The two RxMG Codes of interest are CARx030 and ENDx040
HighBloodPressure = subset(PatientConditions, rxmg_code=="CARx030")
DiabetesWithoutInsulin= subset(PatientConditions, rxmg_code=="ENDx040")
head(HighBloodPressure)
## patient_id rxmg_code rxmg_description
## 1 99350001797 CARx030 Cardiovascular / High Blood Pressure
## 16 99350002397 CARx030 Cardiovascular / High Blood Pressure
## 19 99350002497 CARx030 Cardiovascular / High Blood Pressure
## 23 99350004197 CARx030 Cardiovascular / High Blood Pressure
## 28 99350004697 CARx030 Cardiovascular / High Blood Pressure
## 40 99350005697 CARx030 Cardiovascular / High Blood Pressure
## major_rxmg_code major_rxmg_description rxmg_impact_type
## 1 CAR Cardiovascular L
## 16 CAR Cardiovascular L
## 19 CAR Cardiovascular L
## 23 CAR Cardiovascular L
## 28 CAR Cardiovascular L
## 40 CAR Cardiovascular L
## rxmg_medical_source rxmg_pharmacy_source
## 1 N Y
## 16 N Y
## 19 N Y
## 23 N Y
## 28 N Y
## 40 N Y
head(DiabetesWithoutInsulin)
## patient_id rxmg_code rxmg_description
## 9 99350002197 ENDx040 Endocrine / Diabetes Without Insulin
## 18 99350002397 ENDx040 Endocrine / Diabetes Without Insulin
## 53 99350006497 ENDx040 Endocrine / Diabetes Without Insulin
## 58 99350007097 ENDx040 Endocrine / Diabetes Without Insulin
## 66 99350007797 ENDx040 Endocrine / Diabetes Without Insulin
## 71 99350008397 ENDx040 Endocrine / Diabetes Without Insulin
## major_rxmg_code major_rxmg_description rxmg_impact_type
## 9 END Endocrine L
## 18 END Endocrine L
## 53 END Endocrine L
## 58 END Endocrine L
## 66 END Endocrine L
## 71 END Endocrine L
## rxmg_medical_source rxmg_pharmacy_source
## 9 N Y
## 18 N Y
## 53 N Y
## 58 N Y
## 66 N Y
## 71 N Y
colours <- c("red","yellow")
totalHighBloodPressure=nrow(HighBloodPressure)

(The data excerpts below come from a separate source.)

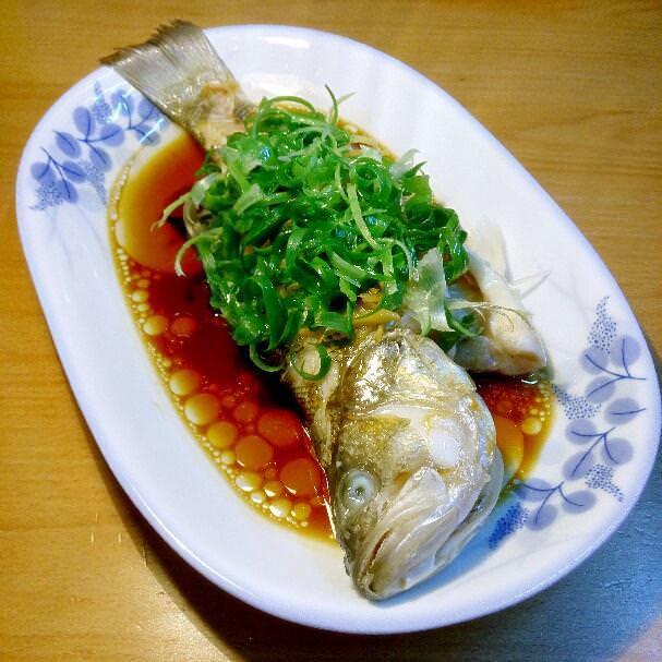 多寶魚(鱸魚、海鱸、桂花魚等)1條;薑適量;蔥花適量;食用油適量;生抽適量;料酒適量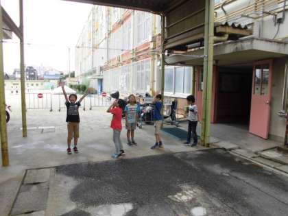 朱雀第七小学校の正門を入ったところの渡り廊下に,ミスト装置が設置されました。これは京都市上下水道局の取組で,本校が簡易ミスト装置のモニターに選ばれ,器材を提供してくださったものです。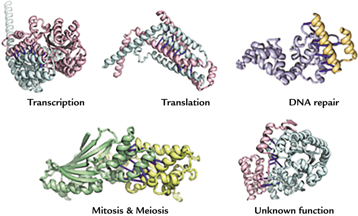 Figure 8.16. Decoding protein complexes. In work moving beyond structure, DNNs have been applied to identify likely protein complexes in eukaryotic cells. The complexes have been linked to processes of transcription, translation, DNA repair, mitosis and meiosis, metabolism, and protein transport within cells and across membranes. The dark blue lines indicate likely points of contact predicted between the proteins. The function of some of the identified complexes are mysteries. See Ian R Humphreys et al., “Computed Structures of Core Eukaryotic Protein Complexes,” Science 374, no. 6573 (December 10, 2021): eabm4805–eabm4805, https://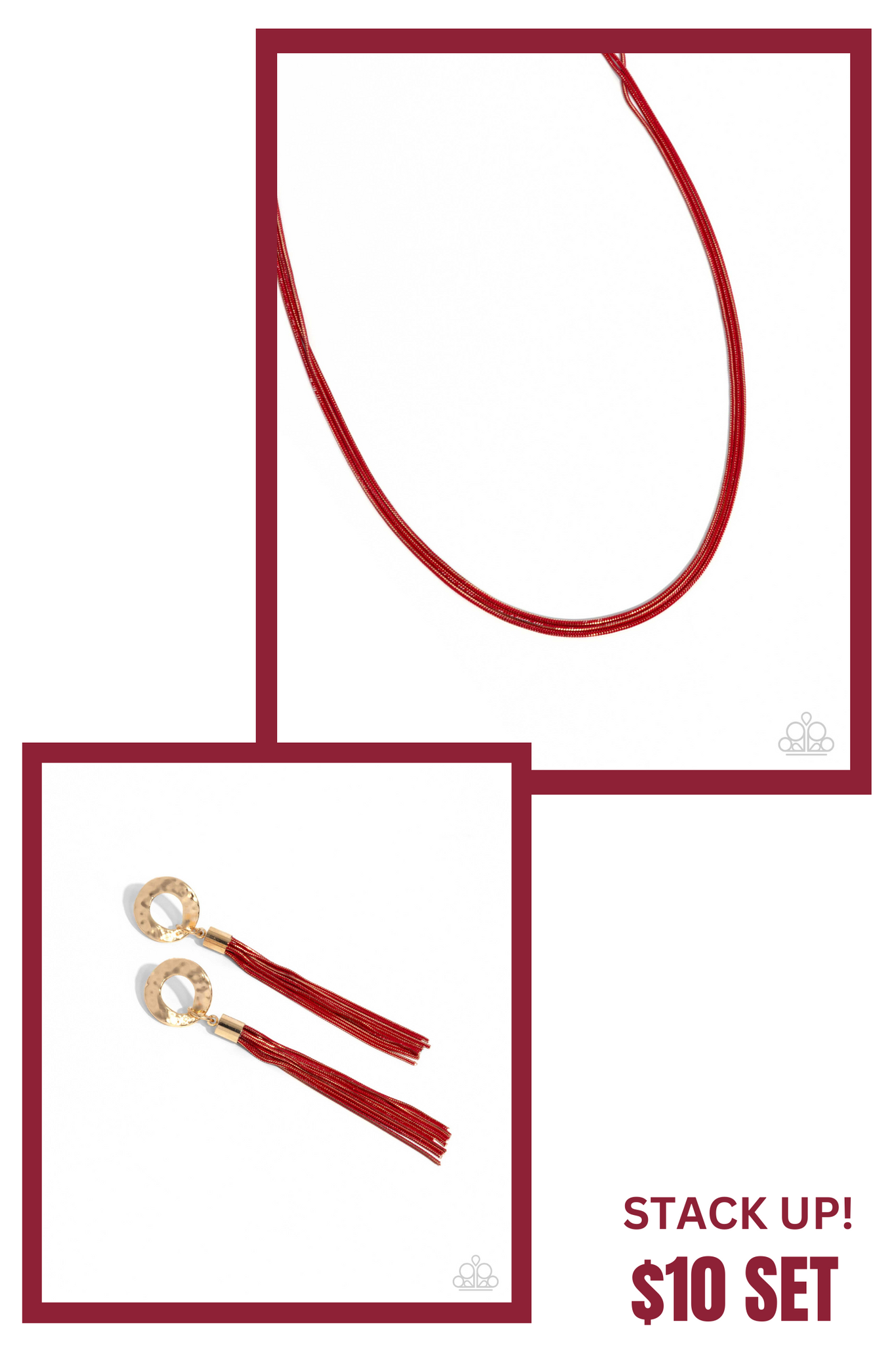 EARRING: Corded Character • Red P5PO-RDXX-080DF: Hammered in mesmerizing detail, a high-sheen gold disc glistens from the ear. Featuring shiny gold and red links, slim snake chains sway below the hammered disc from a gold cap fitting for an edgy mixed metallic lure. Earring attaches to a standard post fitting.

totalDiabetesWithoutInsulin=nrow(DiabetesWithoutInsulin)
data=data.frame(totalHighBloodPressure,totalDiabetesWithoutInsulin)
barplot(as.matrix(data), main="Barchart Showing High Blood Pressure and DIabetes Patients", ylab = "Population", beside=TRUE, col=colours)
I want to do some further analysis based on the gender of the patient the risk level
mosaicplot(table(PatientACG$sex,PatientACG$RiskLevel))
We can see the distribution of the Female and male in different Risk levels
One more thing I want to check is what percentage of female out of the population are at high risk versus the male.
TotalPatients=nrow(PatientACG)
totalFemaleHighRisk=nrow(subset(PatientACG,sex=="F" & RiskLevel==5))
totalMaleHighRisk=nrow(subset(PatientACG,sex=="M" & RiskLevel==5))
totalFemaleHighRisk
## [1] 13
totalMaleHighRisk
## [1] 8
print(paste("Percentage of Male with High Risk" , (totalMaleHighRisk/TotalPatients)*100.0))
## [1] "Percentage of Male with High Risk 0.8"
print(paste("Percentage of Female with High Risk" , (totalFemaleHighRisk/TotalPatients)*100))
## [1] "Percentage of Female with High Risk 1.3"
We can see based on the results that we can use the pharmacy data to determine the Risk Level of the Patients as well as see what Implied conditions they may have based on the drugs being taken. This is a very helpful way to get an insight in to what the patients condition is.
We can take this a step further and try to determine the gaps in prescription fills of the patients and see if they are being adherent in filling there prescriptions. We will not be doing that in this project but I think it is something worth looking in to for future Projects.